Indian CRO eyes US or EU buyout

India's Reliance Life Sciences (RLS) is planning an acquisition in Europe or in the US joining the slow infiltration of Indian firms cementing themselves in Western markets.

"We are essentially looking for an organisation with revenues of up to $50m, preferably having a footprint both in the early and advanced stages of clinical research," K.V. Subramaniam, president and CEO of RLS, told Outsourcing-Pharma.com.

He added that RLS expects the new company to have a presence in US and EU markets to allow it to conduct multi-centric clinical trials, "empowering its delivery capabilities from India".

Over the last two years, RLS has been doing clinical studies for clients from Europe, the US and Japan.

"These studies range from pre-clinical to Phase IV, through data management and biostatistics," said Subramaniam.

RLS recently expanded its clinical research services to the US by setting up a new subsidiary in Delaware.

"We have been seeing a significant accretion of clinical trial contracts, since we established our US office," said Subramaniam.

The new US entity is now RLS' headquarters in the US, where half of the company's business comes from.

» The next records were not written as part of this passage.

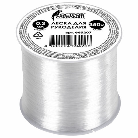 Леска для рукоделия, диаметр 0,3 мм, длина 350 м, прозрачная, ПРОЧНАЯ, ОСТРОВ СОКРОВИЩ, 665207
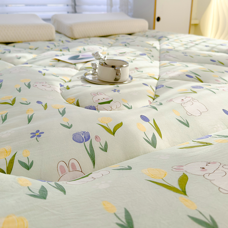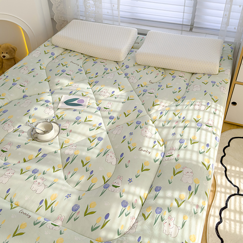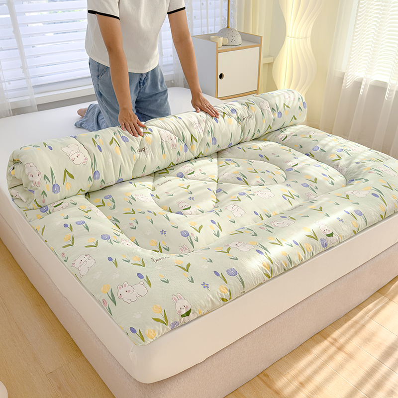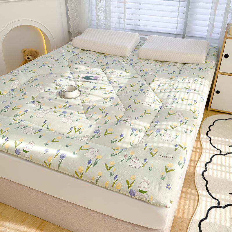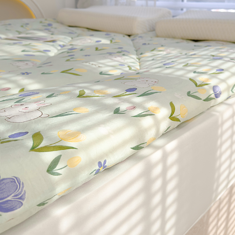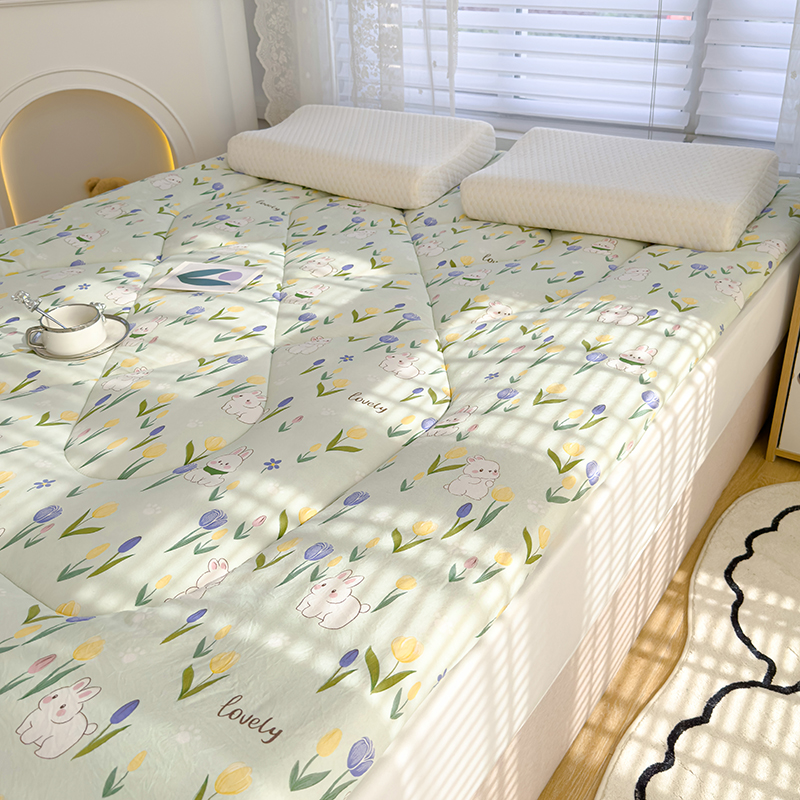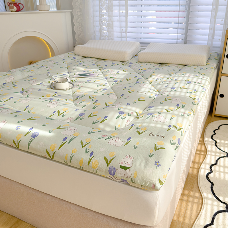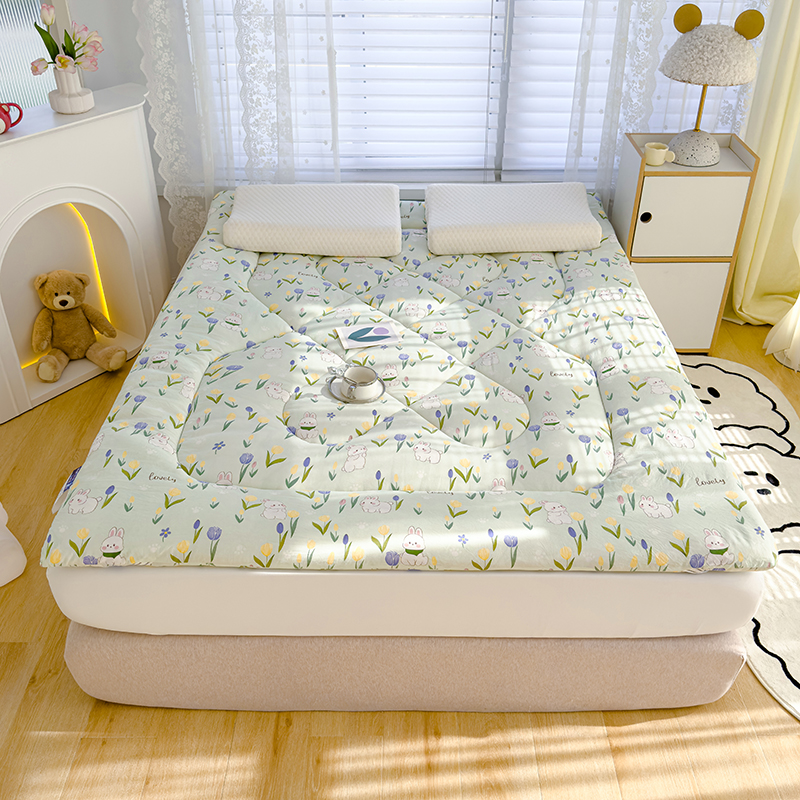 蓝冰家纺 2024新款蓝冰双层纱印花床垫 夹心果冻
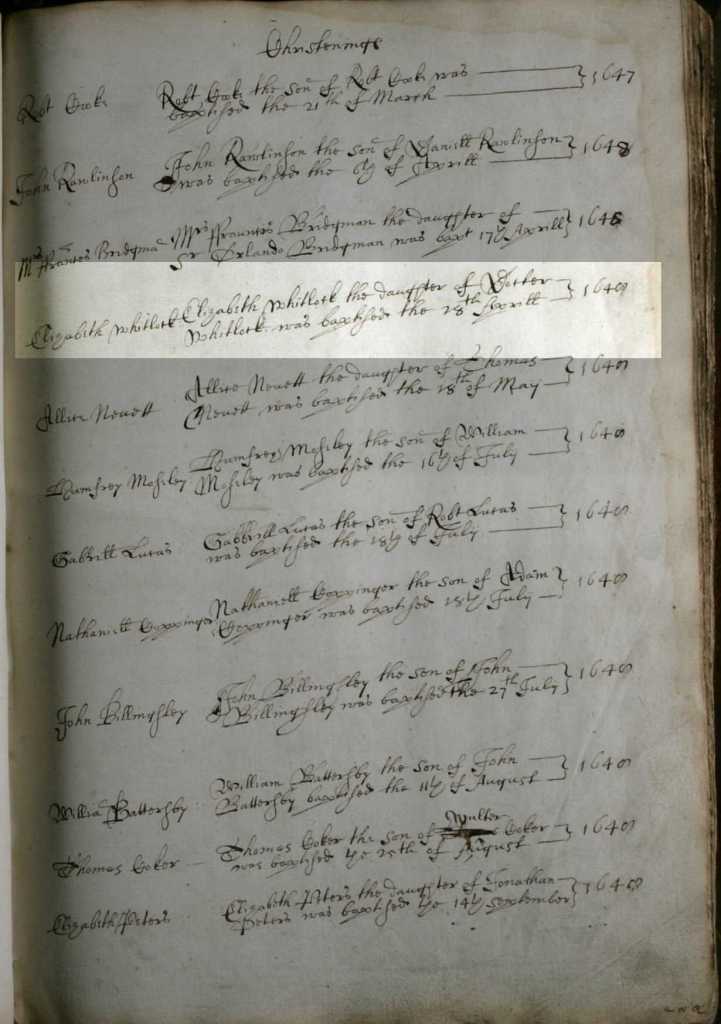 He also thinks that Richard is likely the “Docter Whitlock” whose daughter Elizabeth was baptized at St. Dionis Backchurch in London on 18 April 1648 and buried at that church on 26 March 1649.[11]
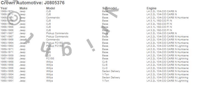 Crown Automotive is the premier manufacturer and distributor of quality replacement parts for Jeep® CJ™, Wrangler™, Cherokee™, Grand Cherokee™, Liberty™, and Commander™."From humble beginnings in 1963 in a small Boston storefront, Crown Automotive has consistently maintained its commitment to offering only quality parts and exceptional service. Today, with warehouses in Massachusetts, Georgia, Nevada, Spain, and the Czech Republic, totaling over 160,000 square feet, Crown Automotive continues to be the leader in quality replacement parts for Jeep® vehicles. With over 8,000 different parts in stock for Jeep® vehicles from 1942 on up, Crown has the largest stock of replacement parts for Jeep® vehicles, including factory-discontinued parts. In fact, many of the older Jeeps are still on (and off) the road thanks to Crown parts. The Crown line consists of axle, body, brake, clutch, cooling, driveline, electrical, engine, exhaust, fuel, steering, suspension, transmission and transfer case components. Crown Automotive also offers an exclusive line of component kits and accessory products. Because we know that Jeeps are driven harder than most other vehicles, we emphasize offering only quality parts. In fact, we test parts on Jeeps before distributing them to our dealers to insure that they meet our standards for quality. Crown also supports its entire line with a 12 month/12,000 mile warranty to insure our dealers and their customers of our commitment to offering quality parts. We know from experience that Jeep® owners would rather pay a little more for a good quality part that's backed by a strong guarantee. But we know that price is important as well. So, not only will you find Crown parts to be of exceptional quality, but you'll find them at a great price too.

The Indian clinical trials arena is starting to boom as skyrocketing costs of R&D have spurred many pharma companies to offshore clinical trials to low-cost countries.

A recent report by analysts at McKinsey estimated that clinical research in the country will be a $1bn (€800,000m) industry by 2010, although some analysts have been more conservative than this.

But a new trend has been growing in the past two years, with Indian companies looking at buying in Western markets, as they look to increase their business.

Jubilant Organosys was the first ever Indian company to buy US CRO when it announced the acquisition of Target Research Associates in 2005.